» ACTIVITY: Print all the data below exactly, without images.

» DATA SECTION:
◆ ◆ ◆
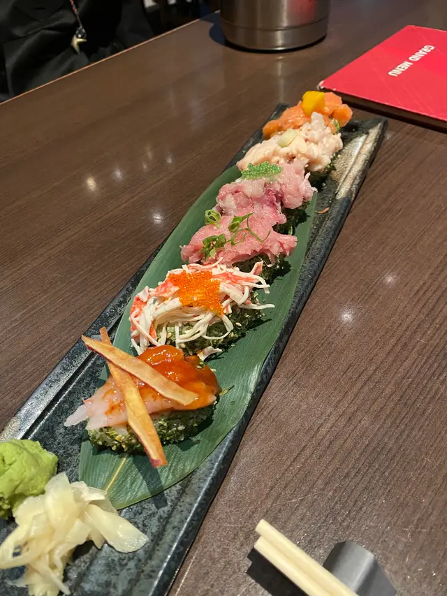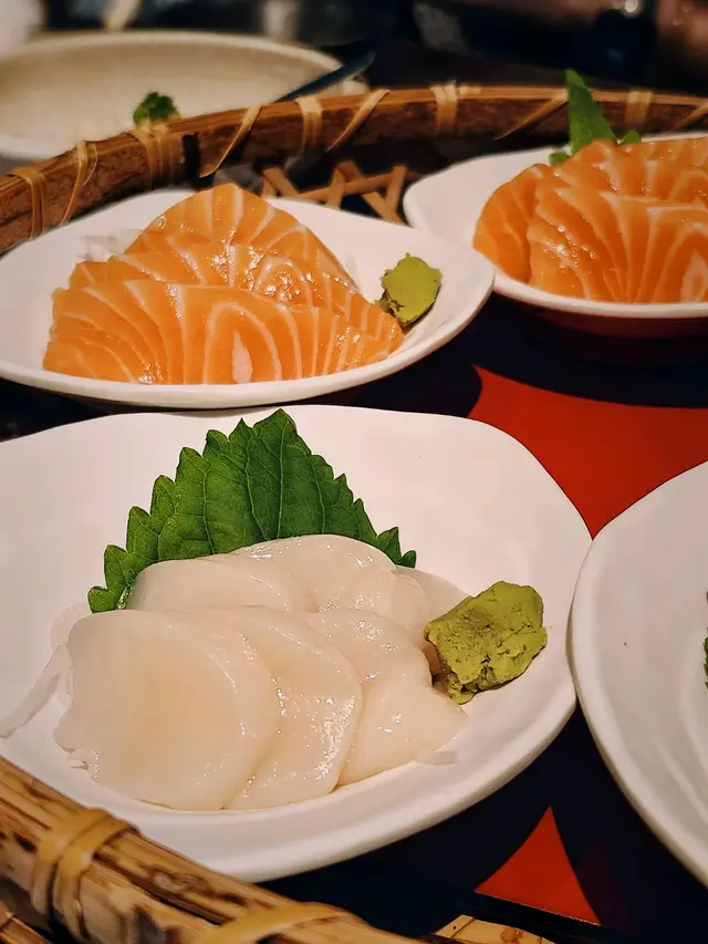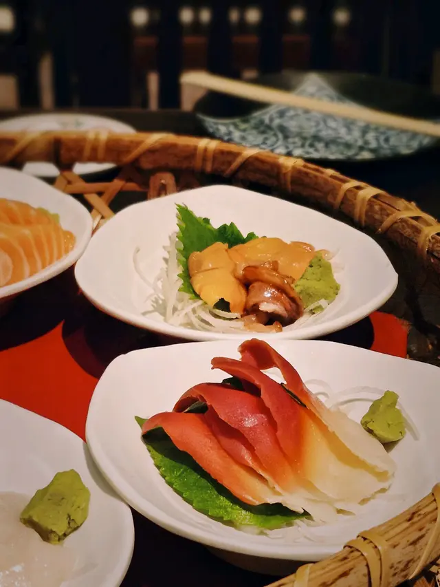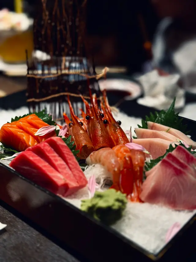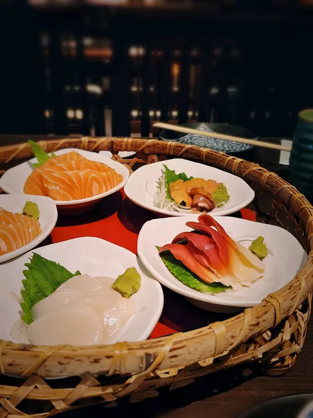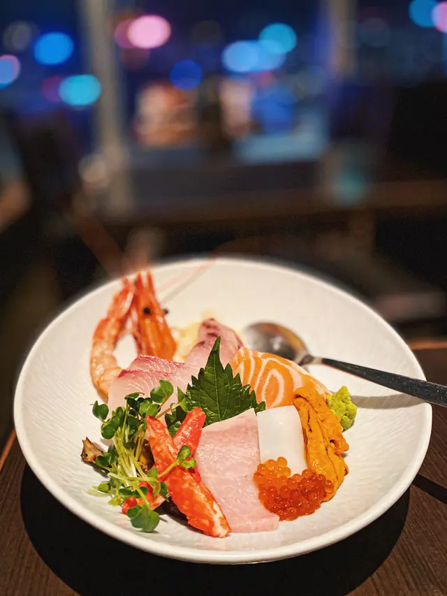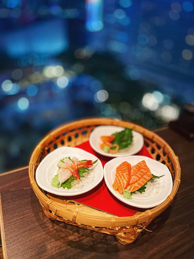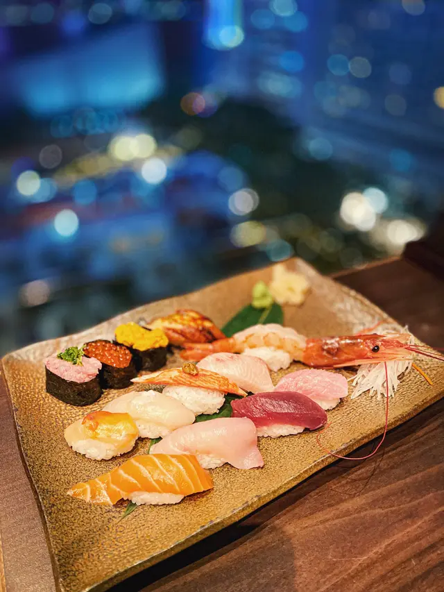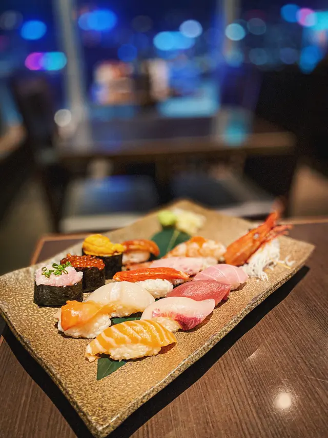 至於食物方面,雖然之前睇過有啲食評令我有啲擔心,但實際上我覺得味道真係十分不錯。我哋選擇了咗套餐,裏面包括刺身、沙律、幾款壽司、石鍋飯、天婦羅,仲有啲串燒同埋梅酒。每道菜都做得相當精緻,份量亦適中。呢間餐廳唔單止有美麗的景色,食物質素亦令唔錯,絕對一家人/情侶撐枱腳!一家人影咗好多靚相
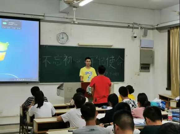 “年满十八岁的中国工人、农民、军人、知识分子和其他社会阶层的先进分子,承认党的纲领和章程……可以申请加入中国共产党。”这是19级新生带班学生党员吴世晟正在为新生普及党的基础知识,端正新生的入党动机,为新生向党组织积极靠拢提供正确的方向。
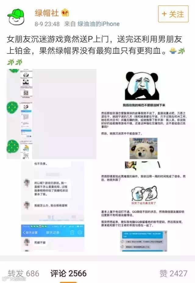 故事要从微博大V@绿帽社的
◆ ◆ ◆
» TASK ANSWER:
 至於食物方面,雖然之前睇過有啲食評令我有啲擔心,但實際上我覺得味道真係十分不錯。我哋選擇了咗套餐,裏面包括刺身、沙律、幾款壽司、石鍋飯、天婦羅,仲有啲串燒同埋梅酒。每道菜都做得相當精緻,份量亦適中。呢間餐廳唔單止有美麗的景色,食物質素亦令唔錯,絕對一家人/情侶撐枱腳!一家人影咗好多靚相
 “年满十八岁的中国工人、农民、军人、知识分子和其他社会阶层的先进分子,承认党的纲领和章程……可以申请加入中国共产党。”这是19级新生带班学生党员吴世晟正在为新生普及党的基础知识,端正新生的入党动机,为新生向党组织积极靠拢提供正确的方向。
 故事要从微博大V@绿帽社的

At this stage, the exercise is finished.